Крестилась, кренилась, смеялась, кипела
Блудливая каша людей из шкатулки.
Кололось небо на переулки,
Обводилось вокруг пальцев… мелом.
У циферблата одна только стадия –
Это и значит чёрным по белому.
Это и есть моя демократия.
Эту липкую мазь от ноктюрнов Уистлера
Стеклом по подоконнику разгонять.
На каких ещё языках говорит Le Roi?
Где моя улица Гитлера,
Не изволите подсказать?!
Вот и сидеть теперь до утра, удить
Подходящих названьям литер антиквы.
Есть два выхода из волшебной тыквы:
«Оставь надежду…» или «Не выходи…».
«Смешной ты, дровосек», – потешалась процентщица.

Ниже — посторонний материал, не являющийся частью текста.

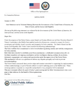 برعاية أمريكية: إسرائيل وسوريا والولايات المتحدة اتفقوا على إنشاء آلية لتبادل المعلومات الاستخباراتية، لتخفيف التوتر الأمني وإنشاء اتصالات دبلوماسية وتجارية.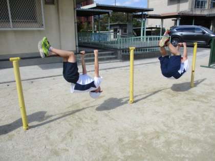 てつぼうあそびが始まりました。今日はからだならしをしてから,「ダンゴムシ競争」と「こうもりじゃんけん」をしました。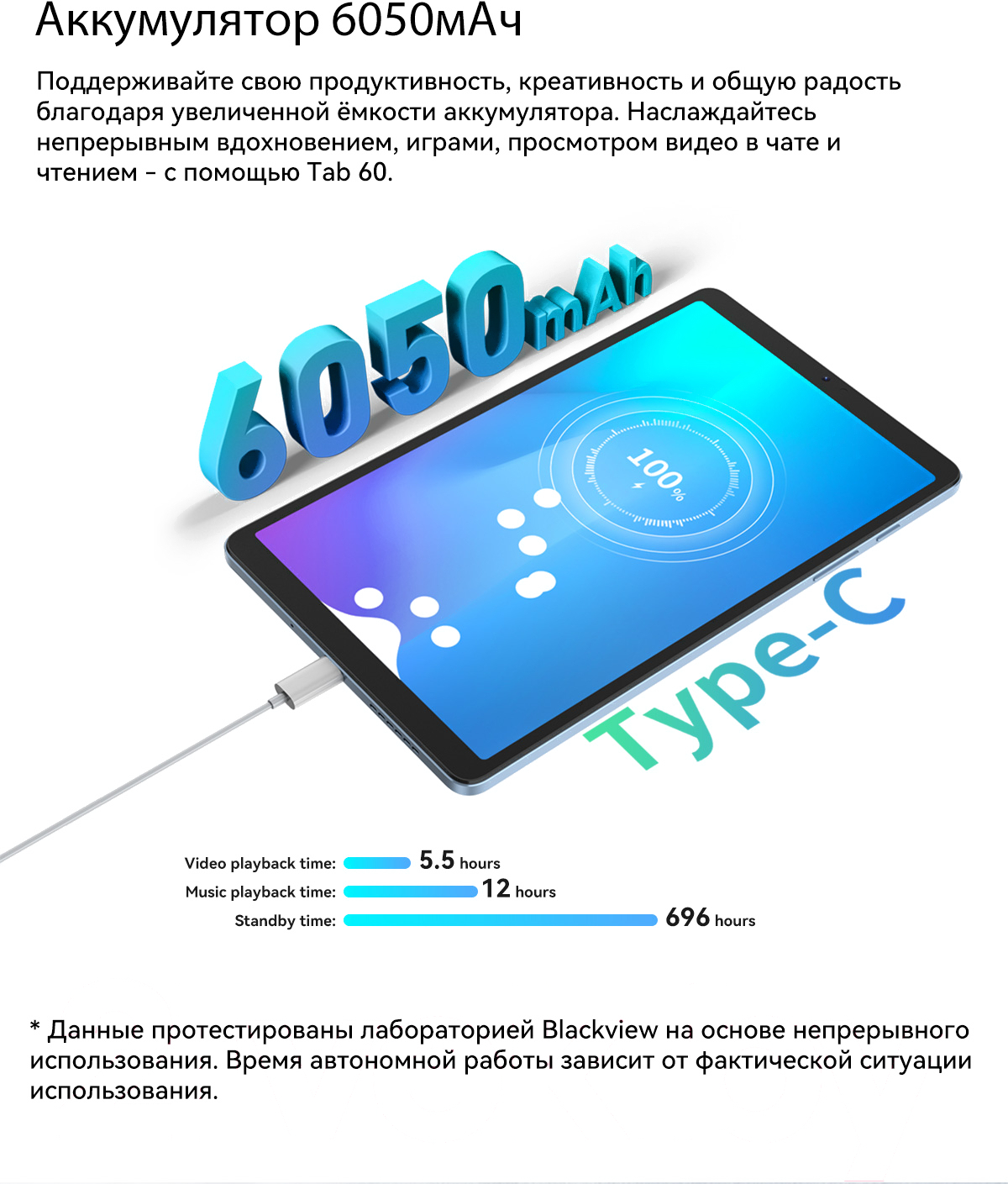 • Емкость аккумулятора 6050 мАч (общее время зарядки: 3.5 часа )

Ругалась свинья с невесёлой пуговицей –
Не лезет в бутылку горе-луковица.
«Слышишь, Алиса? Надо ещё уменьшиться!»
Коробку рта трясёт красный смех
Тех, кто придумал
Тех, кто придумал
Тех, кто придумал…
< 2015 >
Nicotine
(La segunda canción del silencio[11])
Вакуум переизбытка. Грация безобразия.
Камерные катастрофы материи.
Гробовые вопли свинцового послевкусия.
Да покарает вас бог за вашу набожность!
Гагарин говорил на языке рыб.
Ничто (говорил он) есть лишь фактор прочности,
Разрушающий стереотип
Погоды известный за холод ума и ясность лица,
И что, мол, данность удачней живётся с конца.

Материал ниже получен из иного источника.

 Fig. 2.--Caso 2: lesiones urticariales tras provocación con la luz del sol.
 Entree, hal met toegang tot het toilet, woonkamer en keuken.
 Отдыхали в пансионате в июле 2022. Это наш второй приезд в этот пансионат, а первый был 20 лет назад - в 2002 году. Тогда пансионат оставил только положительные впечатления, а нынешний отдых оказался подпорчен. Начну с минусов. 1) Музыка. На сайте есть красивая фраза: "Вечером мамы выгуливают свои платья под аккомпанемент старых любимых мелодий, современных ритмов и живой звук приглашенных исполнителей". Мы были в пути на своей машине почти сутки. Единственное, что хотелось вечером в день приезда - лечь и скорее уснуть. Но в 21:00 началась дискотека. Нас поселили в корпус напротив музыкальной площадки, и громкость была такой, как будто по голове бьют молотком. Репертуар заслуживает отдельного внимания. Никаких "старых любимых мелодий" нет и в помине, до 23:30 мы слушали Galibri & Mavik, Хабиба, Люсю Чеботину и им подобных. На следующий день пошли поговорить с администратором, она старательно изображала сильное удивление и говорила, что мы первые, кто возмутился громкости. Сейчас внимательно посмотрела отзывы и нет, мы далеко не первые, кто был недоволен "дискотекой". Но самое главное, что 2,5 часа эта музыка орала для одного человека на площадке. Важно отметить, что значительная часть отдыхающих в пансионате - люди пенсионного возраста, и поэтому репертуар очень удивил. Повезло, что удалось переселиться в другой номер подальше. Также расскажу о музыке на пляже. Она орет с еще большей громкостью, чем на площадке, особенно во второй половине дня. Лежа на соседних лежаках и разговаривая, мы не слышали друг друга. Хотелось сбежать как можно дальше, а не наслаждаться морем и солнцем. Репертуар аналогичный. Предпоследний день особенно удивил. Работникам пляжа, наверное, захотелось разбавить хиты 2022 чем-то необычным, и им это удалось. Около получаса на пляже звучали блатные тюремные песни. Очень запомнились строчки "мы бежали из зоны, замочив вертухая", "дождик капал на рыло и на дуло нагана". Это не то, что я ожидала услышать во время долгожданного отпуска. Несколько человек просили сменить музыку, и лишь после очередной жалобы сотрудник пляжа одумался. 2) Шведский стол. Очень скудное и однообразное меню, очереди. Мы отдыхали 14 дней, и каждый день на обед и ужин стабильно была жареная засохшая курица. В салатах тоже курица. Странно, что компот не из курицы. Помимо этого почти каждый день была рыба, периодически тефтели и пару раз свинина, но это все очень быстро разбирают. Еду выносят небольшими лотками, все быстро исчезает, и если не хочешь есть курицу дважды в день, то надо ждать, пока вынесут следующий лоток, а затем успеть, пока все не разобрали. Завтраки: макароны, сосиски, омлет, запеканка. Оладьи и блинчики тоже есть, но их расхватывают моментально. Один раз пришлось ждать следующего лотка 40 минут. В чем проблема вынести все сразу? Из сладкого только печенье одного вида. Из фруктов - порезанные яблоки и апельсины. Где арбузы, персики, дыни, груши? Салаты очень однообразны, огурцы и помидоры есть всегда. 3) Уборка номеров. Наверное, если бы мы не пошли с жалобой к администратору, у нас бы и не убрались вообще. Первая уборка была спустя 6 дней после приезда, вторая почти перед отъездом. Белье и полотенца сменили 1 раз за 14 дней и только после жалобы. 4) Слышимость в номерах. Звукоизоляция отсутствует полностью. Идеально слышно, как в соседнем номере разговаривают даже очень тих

По данным же последней сводки,
Мороз котируется крепче водки.
На Итаке горят города и пристань
благосклонна и так пустынна,
что не ровен час…, но равны мгновенья
сумме слов, что хватило выстлать
связь от финна
до рифейского[12] воплощения.
По стечению…
Петля ноля выцеживает белизну на потолке –
Синоптик клялся удавиться в среду,
Но судовой журнал, вдруг растеряв все даты, эту
Потерю, по обычаю, восполнил в кабаке.
«…Всё дело в табаке…
И меньше, существенно меньше молчать!
Исключить сны и прочие звёздные массы…»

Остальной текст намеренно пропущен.